From the Guidelines
In anemia due to kidney disease, lab results typically show low hemoglobin and hematocrit levels, low red blood cell count, normal or slightly low mean corpuscular volume (MCV), low reticulocyte count, low serum erythropoietin levels, elevated creatinine and blood urea nitrogen (BUN) levels, and low or normal iron studies (serum iron, ferritin, transferrin saturation) 1. These lab findings reflect the reduced production of erythropoietin by the diseased kidneys, leading to decreased red blood cell production. The anemia is usually normocytic and normochromic. Iron studies may be normal or low due to reduced iron utilization. Elevated creatinine and BUN indicate impaired kidney function. To diagnose and manage this condition, a complete blood count (CBC), comprehensive metabolic panel, and iron studies should be ordered. Erythropoietin levels can also be measured but are not always necessary for diagnosis. Treatment typically involves erythropoiesis-stimulating agents (ESAs) like epoetin alfa or darbepoetin alfa, along with iron supplementation if needed. Some key points to consider in the diagnosis and management of anemia in CKD include:
- The primary cause of anemia in patients with CKD is insufficient production of erythropoietin (EPO) by the diseased kidneys 1.
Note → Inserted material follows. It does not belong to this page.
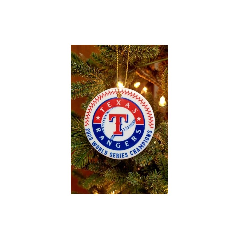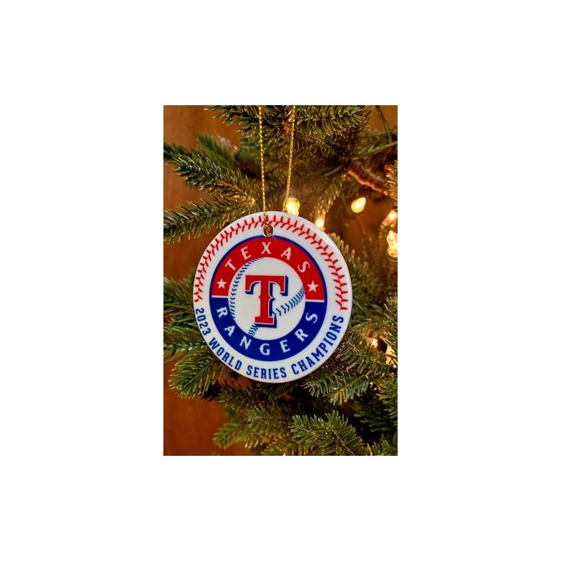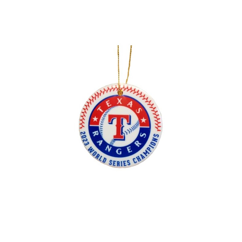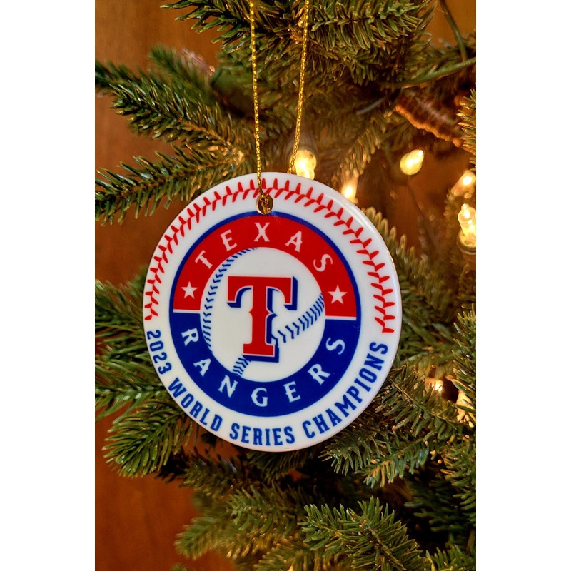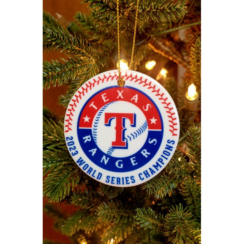 Ranger 2023 World Series Champs ceramic Christmas Ornament will make the perfect addition to your tree this year. Includes a gold string to hang it with. Gift box at no additional charge.

- Iron deficiency is a common contributing factor to anemia in CKD patients, and iron supplementation is often necessary to achieve adequate erythropoiesis 1.
- The use of ESAs has been shown to improve quality of life and reduce the need for blood transfusions in CKD patients with anemia 1.
- The target hemoglobin level for ESA therapy in CKD patients is a subject of ongoing debate, with some studies suggesting that higher target levels may be associated with improved quality of life but increased risk of adverse events 1.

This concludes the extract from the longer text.